Rekaman tersebut mendokumentasikan operasi 7 Juli di area pertanian Beit Hanoun utara, dekat Perlintasan Erez.
Al-Qassam menyatakan penyergapan tersebut merupakan bagian dari rangkaian operasi “Batu Daud”, yang diluncurkan sebagai respons terhadap kampanye militer “Kereta Gideon” Israel.
Video tersebut menunjukkan pasukan Israel bergerak maju menuju jebakan yang telah dipasang sebelum alat peledak pertama meledak, menyebarkan puing-puing dan memicu teriakan tentara.

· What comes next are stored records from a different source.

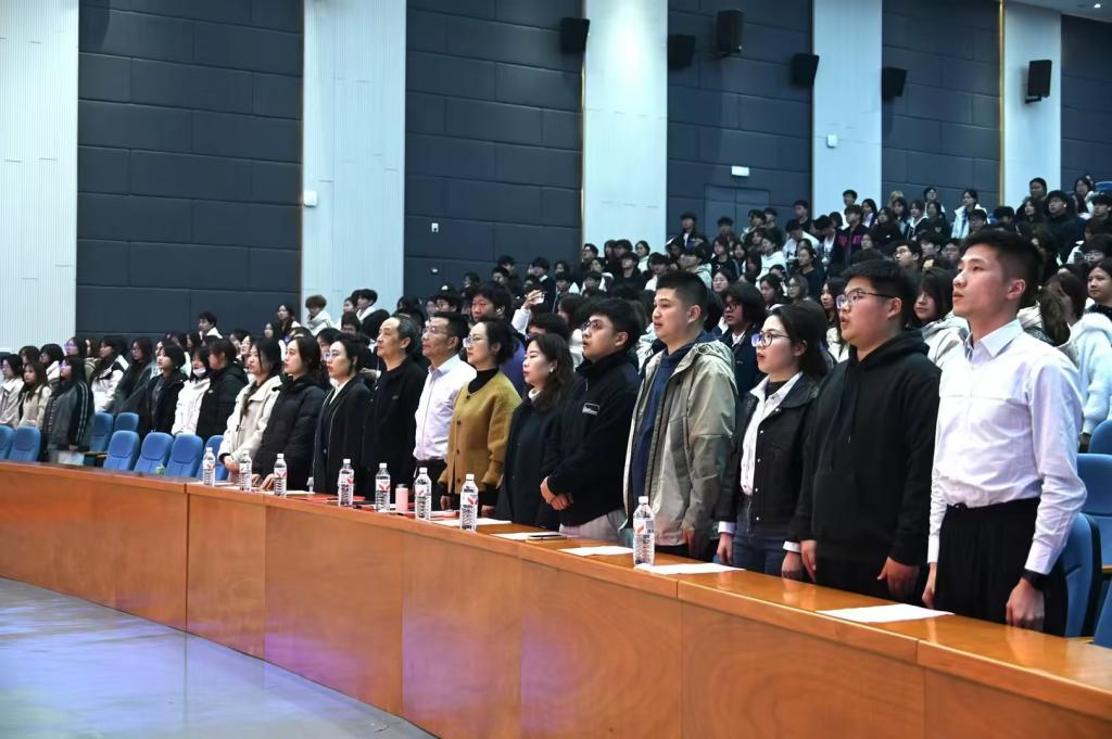 学生代表李如愿上台分享成长故事,她以自身在学习与实践中的经历,讲述了在学院优良学风熏陶下的蜕变与收获,也为同学们传递了“以学为乐,以行践知”的成长密码。优秀学风班级代表在各辅导员老师的带领下发起学风建设倡议,呼吁两校区同学携手营造勤学善思、笃行奋进的学习氛围。
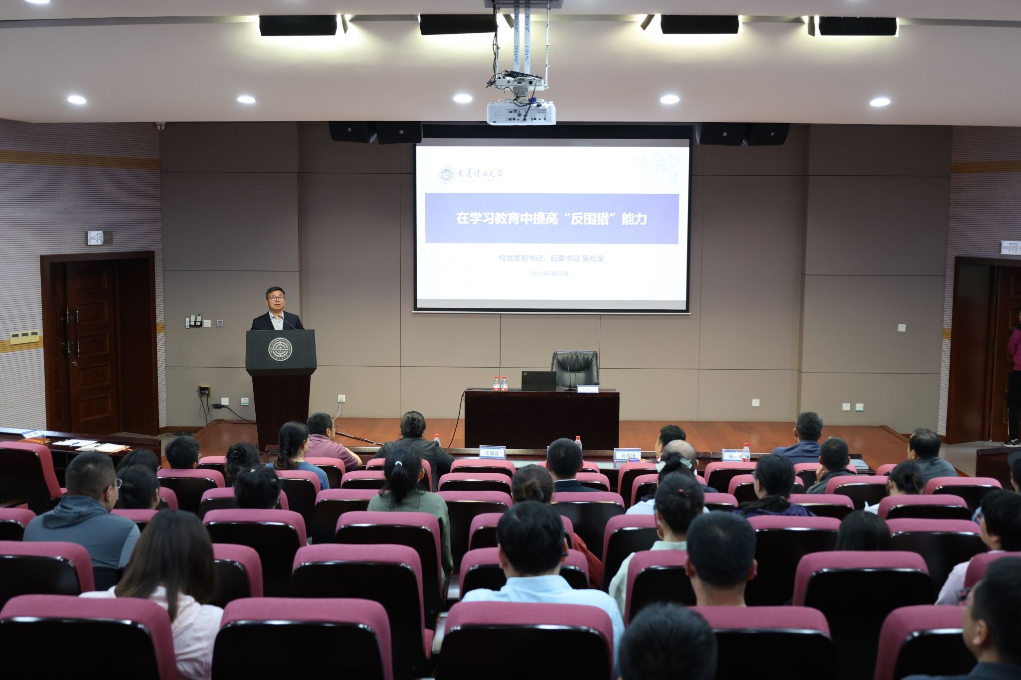 学校党委副书记、纪委书记吴松全以《在学习教育中提高“反围猎”能力》为题作报告,通过真实案例揭示“围猎”与“被围猎”的风险隐患,引领与会人员深化对中央八项规定精神的理解。他强调,要做好“四早”监督,将纪律教育与事业发展深度融合,以作风建设新成效筑牢学校高质量发展根基,让党员干部真正“受警醒、明底线、知敬畏”。
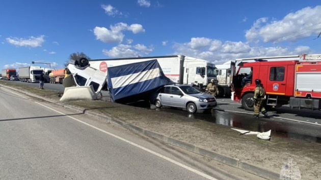 В Самарской области на трассе во время массового ДТП перевернулась "Газель"
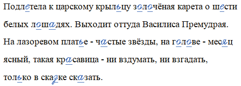 Подл_тела к царскому крыл_цу з_л_чёная карета о ш_сти белых л_ш_дях. Выходит оттуда Василиса Премудрая. На лазоревом плат_е - ч_стые звёзды, на г_л_ве - мес_ц ясный, такая кр_савица - ни вздумать, ни взгадать, тол_ко в ска_ке ск_зать.
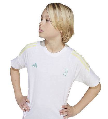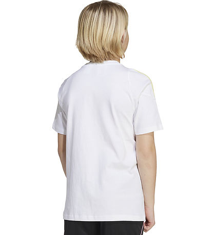 Beautiful adidas Performance t-shirt in a classic white colour with embroidered logos placed on the chest in a light blue colour. The T-shirt has contrasting details with the characteristic three stripes in light yellow over the shoulders and pink stripes down the sides.
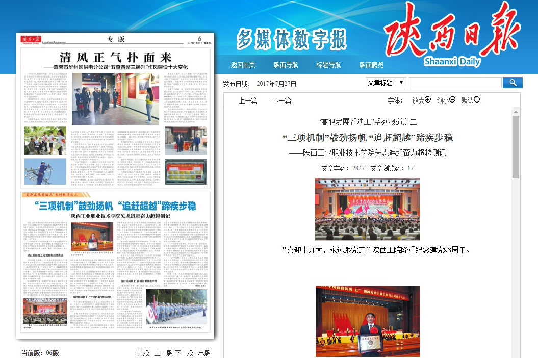 7月27日,《陕西日报》刊发“高职发展看陕工”系列报道的第二篇,以《“三项机制”鼓劲扬帆,“追赶超越”蹄疾步稳——开云手机官方版在线入口矢志追赶奋力超越侧记》为题专版聚焦我院贯彻落实追赶超越、三项机制要求,实现学院跨越式发展的成就。全文如下:
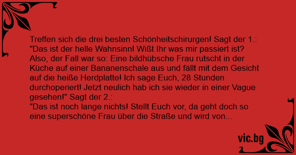 Also, der Fall war so: Eine bildhübsche Frau rutscht in der Küche auf einer Bananenschale aus und fällt mit dem Gesicht auf die heiße Herdplatte! Ich sage Euch, 28 Stunden durchoperiert! Jetzt neulich hab ich sie wieder in einer Vague gesehen!" Sagt der 2.:

Alat peledak kedua yang lebih besar kemudian diledakkan untuk menargetkan pasukan penyelamat yang berusaha menolong korban pertama.
Menurut sumber senior Al-Qassam, dua alat peledak ditempatkan 12 jam sebelum penyergapan di sepanjang rute yang diperkirakan akan dilalui pasukan Israel.
Penyergapan tersebut dirancang khusus dengan dua alat anti-personel untuk menargetkan tim pengintai dan pasukan penyelamat.
Penyergapan Beit Hanoun dianggap sebagai salah satu operasi perlawanan yang paling presisi dan kompleks sejak perang dimulai pada Oktober 2023.